Proposed HIPAA privacy rule modification in response to Dobbs. On April 12, HHS issued proposed regulations (and a fact sheet) that would prohibit the use or disclosure of PHI by a covered entity or business associate for a criminal, civil, or administrative investigation into or proceeding against a person in connection with seeking, obtaining, providing, or facilitating reproductive health care, where the health care is lawful under the circumstances in which it is provided. This is part of the Biden administration’s response to the U.S. Supreme Court’s ruling in Dobbs, which concluded that the Constitution does not prohibit states from regulating or banning abortion. The proposal would also prohibit the identification of any person for the purpose of initiating such investigations or proceedings. Reproductive health care would be interpreted broadly to include prenatal care, abortion, miscarriage management, infertility treatment, contraception use, and treatment for reproductive-related conditions such as ovarian cancer.

FAQ guidance addresses ACA preventive care mandate after Braidwood. On April 13, the DOL/HHS/IRS issued FAQs addressing the recent Braidwood court ruling that the ACA requirement to provide preventive care as recommended by the U.S. Preventive Services Task Force (PSTF) is unconstitutional (discussed in last month’s compliance update). As background, the ACA requires health plans to cover preventive care with no cost-sharing for participants, and the ACA empowers three agencies—the PSTF, the Health Resources and Services Administration (HRSA), and the Advisory Committee on Immunization Practices (ACIP)—to determine what kinds of preventive care fall within each category of mandatory coverage by issuing guidelines or recommendations. Here are highlights of the FAQ guidance:

  •  Although Braidwood prevents the implementation and enforcement of coverage requirements for items and services recommended with an A or B rating by the USPSTF on or after March 23, 2010, the decision does not preclude plans and insurers from continuing to provide the full extent of such coverage. Also, Braidwood does not impact items and services recommended with an A or B rating by the USPSTF before March 23, 2010, or recommendations by the ACIP and HRSA.

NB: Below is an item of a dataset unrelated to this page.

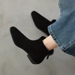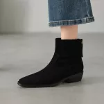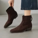 Step into winter with style and comfort in these Suede Leather Winter Boots. Designed to keep you warm and looking fabulous, these boots feature a chunky square heel and a convenient side zipper for easy wear. Whether you're heading to work, running errands, or enjoying a casual day out, these boots are perfect for any occasion. The combination of kid suede leather on the upper and soft fleece lining ensures a snug and warm fit, while the durable TPR sole offers great traction on cold, slippery surfaces. These boots have a modern design that complements a variety of outfits. Pair them with your favorite winter coat, leggings, or a casual dress for a chic and comfortable look. With a 3.5 cm (1.38 inches) square heel, they provide just the right amount of lift without sacrificing stability or comfort. Whether you're in need of everyday shoes or something stylish for the weekend, these boots offer versatility and timeless style that you'll love to wear all season long.Product Features

  • Any overlap between recommendations made by HRSA and ACIP, with items listed with an A or B rating by USPSTF, must continue to be covered without cost sharing, even if the items and services were recommended after March 23, 2010.
  • Until further guidance is issued, items and services recommended with an A or B rating by the USPSTF on or after March 23, 2010, will be treated as preventive care for purposes of the HDHP preventive care safe harbor, regardless of whether these items and services must be covered without cost-sharing under the ACA. In other words, HDHPs may continue to provide USPSTF recommended A and B rated preventive services before the minimum deductible is satisfied without jeopardizing the ability to make HSA contributions.
  • Employers considering changes to their plan’s preventive health services coverage should proceed with caution since they may still be required to cover the full scope of recommended preventive services under other legal and contractual requirements. For instance, Braidwood does not affect state-law requirements, and the terms of contracts may prevent mid-year changes. In addition, the government has requested a stay pending appeal of the decision, so compliance with these rules will be a moving target.